Las maduritas, digamos de más de 50, seguramente se acuerdan de un
galán que supo conquistar el corazón de su mujer no una, sino ¡siete veces! y
que formó con ella una de las parejas más tumultuosas de todos los
tiempos.
Estoy hablando, nada más y nada
menos, que de Richard Burton, el reincidente marido de Elizabeth Taylor. Liz
Taylor, la de los ojos color turquesa.
Pues bien, este caballero,
salvando las distancias, era lo más parecido a cualquier marido del mundo. Sólo
que, para hacerse perdonar sus tropelías, en lugar de regalar flores o bombones
regalaba diamantes.

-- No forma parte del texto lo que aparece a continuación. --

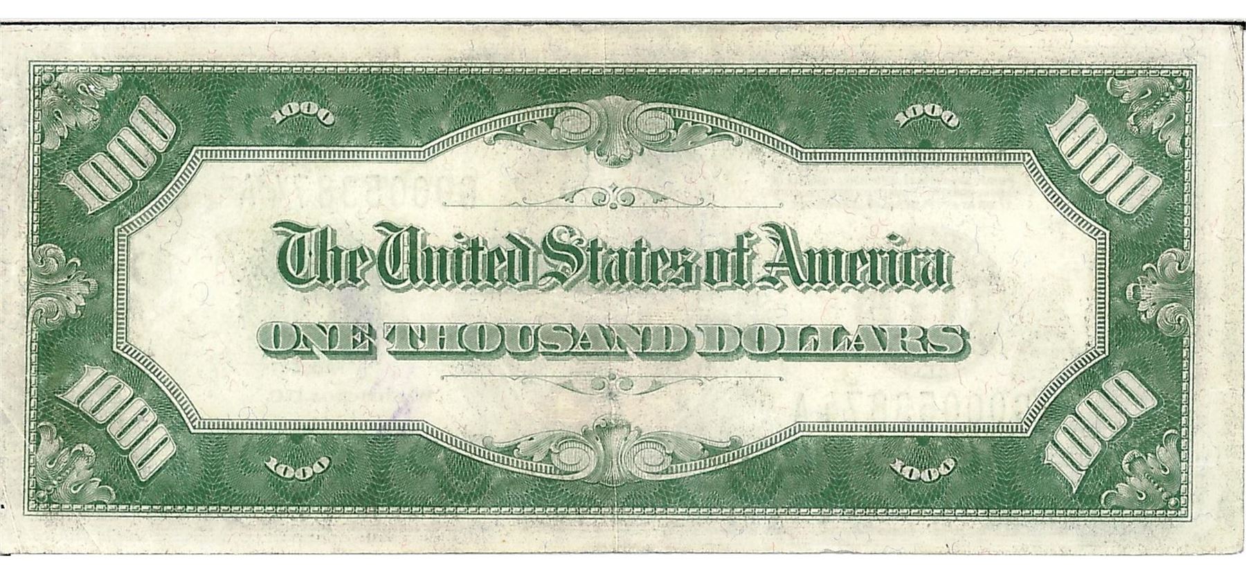 One 1934 $1000 Federal Reserve Bank Note Chicago. The serial number is 53874.
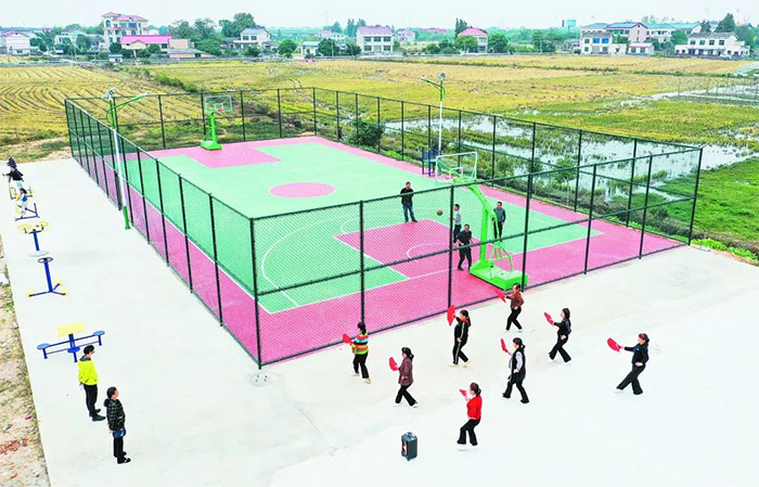 據(jù)六合圍村黨總支副書記李妙介紹,之前村上沒有合適的地方給村民鍛煉,像村上的籃球隊參加望城區(qū)的百村籃球賽都要借場地訓練,很不方便?!艾F(xiàn)在,村里有了自己的場地,大家可以在家門口運動,鍛煉的積極性高了很多。”

Gordos, pulidos y carísimos diamantes.
Era como los patos criollos (un
pasito, una cagada; un pasito, una cagada), pero en versión millonaria: un
diamante, una cagada.
Y mientras tanto Liz, la pobre Liz, amontonaba piedras azules
engarzadas en anillos, collares, pulseras, algo que para muchas podría ser
motivo de envidia... pero sufría igual que la almacenera de la esquina, o
cualquier mujer que haya tenido que aguantar a un bebedor, mujeriego o jugador
empedernido.
¿Y que hacía Liz para olvidar el dolor de las separaciones, y para intentar
sostener la euforia de las reconciliaciones? Le daba al trago. O a las
pastillas. Igualito que muchas, demasiadas, mujeres en su misma situación.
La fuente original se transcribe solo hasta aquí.